Perché il celibato - da carisma dello Spirito Santo - è stato, invece, imposto “per autorità” dal Papa, a coloro che ricevono il sacramento dell’Ordine ?
Il CELIBATO, come scelta di non sposarsi, era considerata nel primo millennio, prevalentemente tipica della vita religiosa e non dei preti. E, per secoli le comunità di religiosi o di monaci hanno praticato i consigli evangelici senza che questo li abilitasse ad accedere al ministero ordinato.
Con la riforma Gregoriana - che prende il nome dal papa Gregorio VII - dall’XI / XII sec. in poi – e non senza motivazioni di tipo economico, cioè per non disperdere i beni ecclesiastici tra i figli dei vescovi e dei preti – si volle imporre ai preti l’ideale monastico ( con l’obbligo di osservare i tre consigli evangelici: povertà, castità perfetta, obbedienza) e proporre ai monaci il ministero ordinato.
Da quel momento, il celibato imposto ai preti divenne per molti di loro un dramma.
E i fatti che vengono documentati dalla storia, a tale proposito, non sono stati inventati, né sono frutto dell’immaginazione o costruiti appositamente per infangare la Chiesa-istituzionale, ma si tratta di storie vere, a testimonianza delle sofferenze, delle umiliazioni, delle torture che hanno dovuto subire i preti che si erano sposati e le loro mogli e figli.
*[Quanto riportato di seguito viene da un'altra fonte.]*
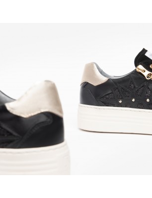 Baskets basses à semelles épaisses Nero Giardini en cuir noir avec empiècements pailletés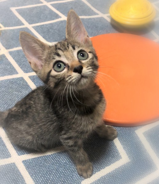 | 特徴(性格など) | 大きな目の甘えん坊・キジ白女の子です。 好奇心旺盛で、初めて目にする物全てが楽しい様子です。 ねこじゃらしを振ると一生懸命捕まえようと追いかけます。 目が合うだけでゴロゴロ撫でると更にゴロゴロの甘えん坊さんです。 ☆キジ白女の子・ひよこまめと姉妹です |

Sofferenze ed umiliazioni che ancora oggi continuano, nella Chiesa, anche se in modi e forme diverse !
Fu proprio Gregorio VII ( un monaco potentissimo della curia romana, di nome Ildebrando) che aveva come unico interesse : la grandezza morale e politica della Chiesa, in quanto istituzione.
I suoi obiettivi erano quelli di dare autorità ed autonomia al papato, moralizzare il clero e rendere la Chiesa indipendente dall’Impero.
La situazione generale di allora era caratterizzata da un papato che aveva perso la sua autorità e da un impero che aveva raggiunto il culmine della sua potenza e del suo splendore; oltre che dalle tensioni affioranti tra queste due potenze: papato e impero.
Appena salito al soglio pontificio, Gregorio VII emanò il “Dictatus papae” contenente 27 sentenze, attraverso le quali espresse i suoi scopi e le sue idee.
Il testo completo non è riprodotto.